Chicago Owls
- Founded: 1969
- League: Professional Football League of America (1967) Continental Football League (1968–1969)
- Team history: Chicago Owls (1967–1969)
- Based in: Chicago, Illinois
- Arena: Soldier Field
- Colors: Navy, Brown and White
- Owner: Marty O'Connor
- Head coach: Don Branby Bob Webb
- Championships: none

= Chicago Owls =

Professional American football team

The Chicago Owls were a professional American football team based in Chicago, Illinois. They were members of the Professional Football League of America (PFLA) in 1967 and, after the leagues merged, the Continental Football League (COFL) during the league's last two years (1968–1969). The club was owned by Marty O'Connor and initially coached by Don Branby.

== 1967 season ==
The Owls inaugural season in PFLA was not a successful one: they finished last in the league's Eastern Division with a 3–9 mark. Nor did they play in Chicago; the Owls' home games were in suburban Niles, Illinois, at Notre Dame College Prep School, where they played in front of a few thousand fans per contest. (Future baseball star Greg Luzinski attended and played football for Notre Dame at the time.) Bob Webb, who grew up in nearby Gary, Indiana, was the Owls' main quarterback; he would remain with the team in 1968.

== 1968 season ==
After spending three seasons with the Montreal Alouettes of the Canadian Football League, former Arlington High School and Northern Illinois University Huskies star George Bork returned to Chicago as the Owls' starting quarterback in 1968. The club raised some eyebrows when they announced they would move into Soldier Field, which had been unused by pro football since the Cardinals moved out in 1959 (the Owls' tenancy on the lakefront preceded the NFL's Bears by three years). Offensive lineman Bob Kuechenberg, younger brother of Bears linebacker Rudy Kuechenberg, began his professional career with the Owls; the younger Kuechenberg would go on to a 14-year career with the Miami Dolphins.

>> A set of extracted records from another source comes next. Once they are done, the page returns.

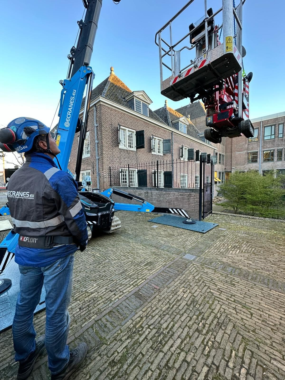 Voor een bijzondere klus van Decolux Projectzonwering stonden we voor een uitdaging: er was geen ruimte voor een kraanauto! Toch moest de Hinowa Spa 17.75 in een binnentuin komen. De oplossing? Slim hijswerk met een Hoeflon C30, vakkundig uitgevoerd door de mannen van ECRANES.
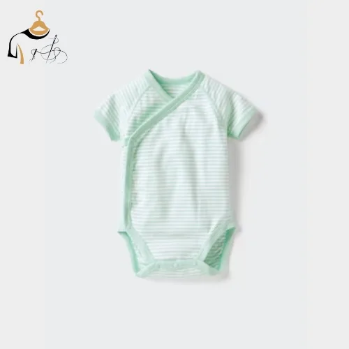 Soft cotton bodysuit for infants, available in solid or striped patterns.
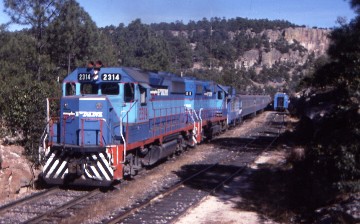 Ferrocarriles Nacionales de Mexico GP40-2 2314, nee Sonora–Baja California 2314, built by Electro-Motive Division in 1982, leading our train. During our stop, I bought Maureen some more assorted Chihuahua rocks while Anna bought more baskets. While we were there, the open car was added to our consist, although it would only be until San Rafael, but I was glad to have it back if only for of a short time. Since we departed Creel, our train had eight cars, ours on the front, the Mexican coaches and a sleeping car from the Roaring Fork Railroad on the rear. At Divisidero, the open car was added in front of ours and the cars of the Sierra Madre Express on the rear, thus making us a long fourteen-car train.
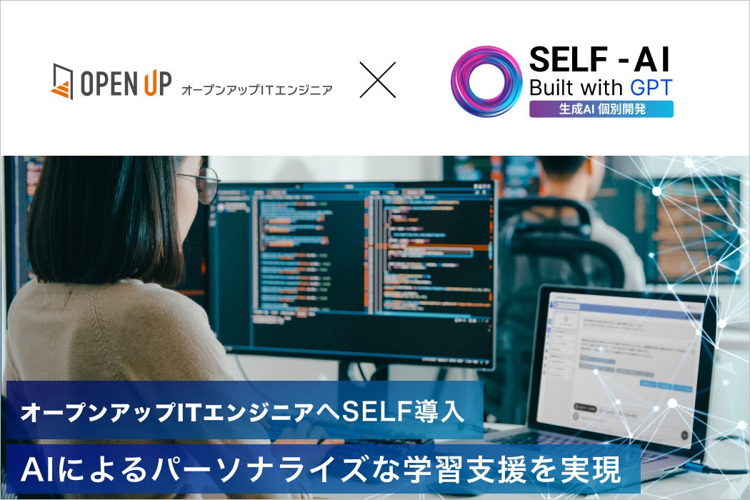 SELF株式会社(本社:東京都新宿区、代表取締役:生見臣司、以下「SELF」)は、株式会社オープンアップITエンジニア(本社:東京都千代田区、代表取締役:中島 淳二、以下「オープンアップITエンジニア」)の独自学習管理システム(以下「LMS」)において利用者の学習サポートを目的として、SELFのコミュニケーションAI(以下「SELF-AI」)が本格導入されたことをお知らせいたします。

Chicago Owls ticket envelope

After dropping four of their first five games, the Owls fired Branby and replaced him with Webb, who was still the Owls' backup quarterback. Webb led Chicago to a 5–2 record the rest of the year, enough to even up the Owls' record at 6–6, third place in the Central Division. Playing primarily on Saturdays, the club drew only 35,835 fans to cavernous Soldier Field all season, or less than 6,000 a game.

== 1969 season ==
Things did not improve for the Owls in 1969, as their record slipped to 5–7 and continued to draw small crowds: just 21,403 paid their way to their games this season, barely 3,500 a contest and a small fraction of their stadium's capacity. The team was practically invisible amid the crowded Windy City sports scene, with a running gag in the Chicago press that mentions of the Chicago Owls brought a response similar to an owl's hoot: "Who?" The CoFL revoked their franchise on December 15, 1969, for failing to meet the league's financial obligation (this would soon become moot, as the entire CoFL would fold soon after). Despite this setback, the Trans-American Football League announced it would include the Chicago Owls on its schedule for 1970, but the team folded prior to the start of the season.